Records for processing
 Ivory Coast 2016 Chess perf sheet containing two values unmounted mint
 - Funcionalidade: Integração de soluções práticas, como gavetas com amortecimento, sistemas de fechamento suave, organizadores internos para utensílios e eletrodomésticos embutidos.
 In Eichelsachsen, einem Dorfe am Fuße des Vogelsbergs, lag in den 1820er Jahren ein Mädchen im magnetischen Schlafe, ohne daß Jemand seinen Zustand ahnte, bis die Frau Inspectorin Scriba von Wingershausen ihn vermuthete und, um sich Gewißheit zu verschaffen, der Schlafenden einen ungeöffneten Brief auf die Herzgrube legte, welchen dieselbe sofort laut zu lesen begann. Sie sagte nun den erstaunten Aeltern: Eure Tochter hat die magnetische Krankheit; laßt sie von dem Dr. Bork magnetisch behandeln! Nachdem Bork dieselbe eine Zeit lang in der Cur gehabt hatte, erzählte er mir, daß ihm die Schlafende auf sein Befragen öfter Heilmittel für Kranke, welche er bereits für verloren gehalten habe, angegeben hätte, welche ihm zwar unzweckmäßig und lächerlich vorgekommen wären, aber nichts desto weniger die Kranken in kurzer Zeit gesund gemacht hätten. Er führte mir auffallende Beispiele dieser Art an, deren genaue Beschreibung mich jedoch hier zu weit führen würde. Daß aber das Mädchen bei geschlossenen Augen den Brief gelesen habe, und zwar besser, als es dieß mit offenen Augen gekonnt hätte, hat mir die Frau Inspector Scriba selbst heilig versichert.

...

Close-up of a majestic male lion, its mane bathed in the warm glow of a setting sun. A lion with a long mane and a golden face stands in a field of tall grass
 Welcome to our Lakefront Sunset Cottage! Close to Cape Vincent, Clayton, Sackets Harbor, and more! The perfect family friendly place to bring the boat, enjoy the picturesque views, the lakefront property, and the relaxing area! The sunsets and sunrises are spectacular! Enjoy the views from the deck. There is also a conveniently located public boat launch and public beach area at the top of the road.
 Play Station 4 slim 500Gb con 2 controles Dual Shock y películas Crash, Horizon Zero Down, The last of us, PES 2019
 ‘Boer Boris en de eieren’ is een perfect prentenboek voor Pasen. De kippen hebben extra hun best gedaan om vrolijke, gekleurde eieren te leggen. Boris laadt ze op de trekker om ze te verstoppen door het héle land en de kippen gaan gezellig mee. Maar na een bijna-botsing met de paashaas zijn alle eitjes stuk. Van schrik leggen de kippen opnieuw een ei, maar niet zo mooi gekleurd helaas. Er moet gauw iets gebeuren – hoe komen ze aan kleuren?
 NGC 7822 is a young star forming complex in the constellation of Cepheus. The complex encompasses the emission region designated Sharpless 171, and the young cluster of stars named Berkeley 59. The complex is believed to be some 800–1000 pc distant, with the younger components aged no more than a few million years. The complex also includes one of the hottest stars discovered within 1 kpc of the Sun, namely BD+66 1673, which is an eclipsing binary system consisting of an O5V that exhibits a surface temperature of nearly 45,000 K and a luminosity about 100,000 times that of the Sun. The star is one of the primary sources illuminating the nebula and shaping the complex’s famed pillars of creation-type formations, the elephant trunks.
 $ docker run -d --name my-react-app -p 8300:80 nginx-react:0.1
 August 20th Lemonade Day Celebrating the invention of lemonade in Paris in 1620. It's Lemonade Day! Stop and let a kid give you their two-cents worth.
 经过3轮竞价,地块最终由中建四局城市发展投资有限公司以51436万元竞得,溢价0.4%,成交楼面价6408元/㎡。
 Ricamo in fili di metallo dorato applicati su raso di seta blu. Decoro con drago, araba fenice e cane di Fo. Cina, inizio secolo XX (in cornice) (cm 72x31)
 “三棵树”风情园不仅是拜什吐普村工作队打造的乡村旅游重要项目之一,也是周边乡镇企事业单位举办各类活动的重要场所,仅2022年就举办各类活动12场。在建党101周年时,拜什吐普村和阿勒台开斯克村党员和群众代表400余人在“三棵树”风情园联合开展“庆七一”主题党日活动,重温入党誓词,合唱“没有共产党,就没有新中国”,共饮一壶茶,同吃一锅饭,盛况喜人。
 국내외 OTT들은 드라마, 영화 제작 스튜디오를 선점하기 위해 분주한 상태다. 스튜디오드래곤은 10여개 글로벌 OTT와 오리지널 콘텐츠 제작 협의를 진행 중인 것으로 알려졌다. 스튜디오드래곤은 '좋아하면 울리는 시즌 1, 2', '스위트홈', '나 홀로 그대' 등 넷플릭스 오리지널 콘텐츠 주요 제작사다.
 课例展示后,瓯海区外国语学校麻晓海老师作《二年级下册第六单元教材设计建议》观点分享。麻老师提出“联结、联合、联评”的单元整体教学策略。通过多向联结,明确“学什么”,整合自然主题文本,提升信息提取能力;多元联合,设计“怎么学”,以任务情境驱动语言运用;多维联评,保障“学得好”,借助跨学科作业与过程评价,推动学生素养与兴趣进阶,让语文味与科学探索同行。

--

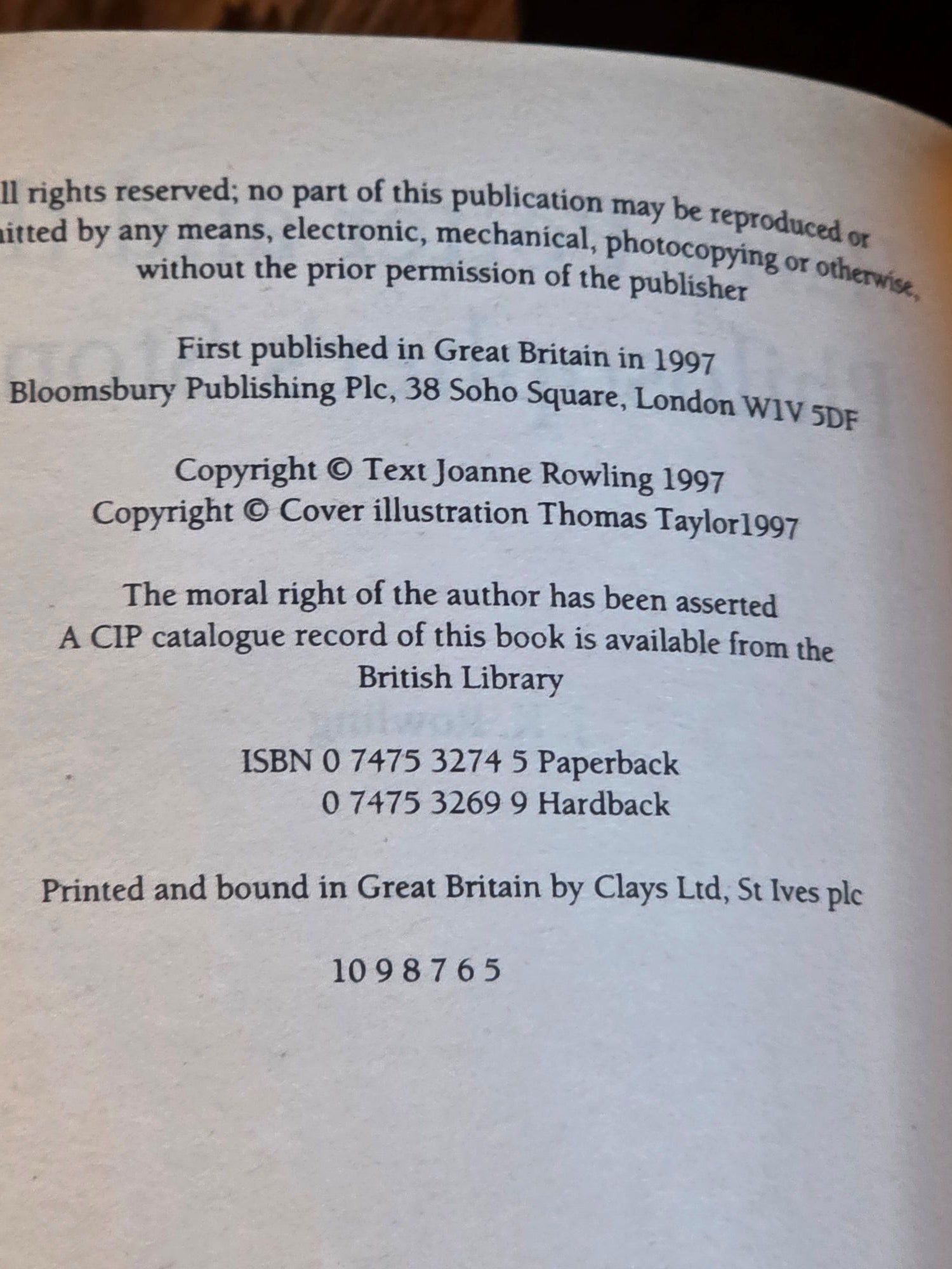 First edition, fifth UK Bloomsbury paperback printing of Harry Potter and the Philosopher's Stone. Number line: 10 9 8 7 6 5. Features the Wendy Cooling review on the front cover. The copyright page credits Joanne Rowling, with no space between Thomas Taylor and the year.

Task instructions
Show, from the entries above, every line that includes the string "more".

Response to the exercise
 Welcome to our Lakefront Sunset Cottage! Close to Cape Vincent, Clayton, Sackets Harbor, and more! The perfect family friendly place to bring the boat, enjoy the picturesque views, the lakefront property, and the relaxing area! The sunsets and sunrises are spectacular! Enjoy the views from the deck. There is also a conveniently located public boat launch and public beach area at the top of the road.
 NGC 7822 is a young star forming complex in the constellation of Cepheus. The complex encompasses the emission region designated Sharpless 171, and the young cluster of stars named Berkeley 59. The complex is believed to be some 800–1000 pc distant, with the younger components aged no more than a few million years. The complex also includes one of the hottest stars discovered within 1 kpc of the Sun, namely BD+66 1673, which is an eclipsing binary system consisting of an O5V that exhibits a surface temperature of nearly 45,000 K and a luminosity about 100,000 times that of the Sun. The star is one of the primary sources illuminating the nebula and shaping the complex’s famed pillars of creation-type formations, the elephant trunks.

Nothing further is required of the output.